[[ INFORMATION SHOWN, beginning ]]

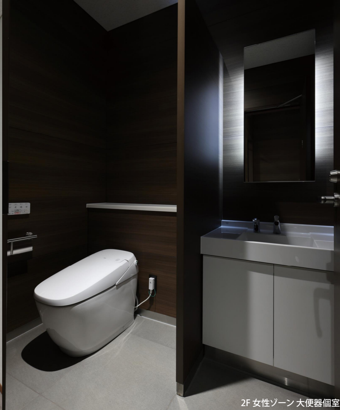
2F 女性ゾーン 大便器個室

最先端の技術・材料・デバイスを提供するメーカーの本社に、ステークホルダーとのコミュニケーションを図るための施設が完成。
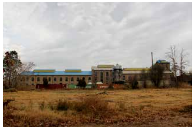
تصویر ۱: کارخانه تصفیه‌خانه قند ورامین. عکس: امیرعلی قنبری، ۱۳۹۵.
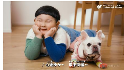
④ ♪心地ゆか 年中快適

[[ INFORMATION SHOWN, end ]]

ASSIGNED TASK — Exactly repeat only the lines from the one with "تصویر ۱: کارخانه" to the closing line above, both included, and omit every picture.

REPLY —
تصویر ۱: کارخانه تصفیه‌خانه قند ورامین. عکس: امیرعلی قنبری، ۱۳۹۵.
④ ♪心地ゆか 年中快適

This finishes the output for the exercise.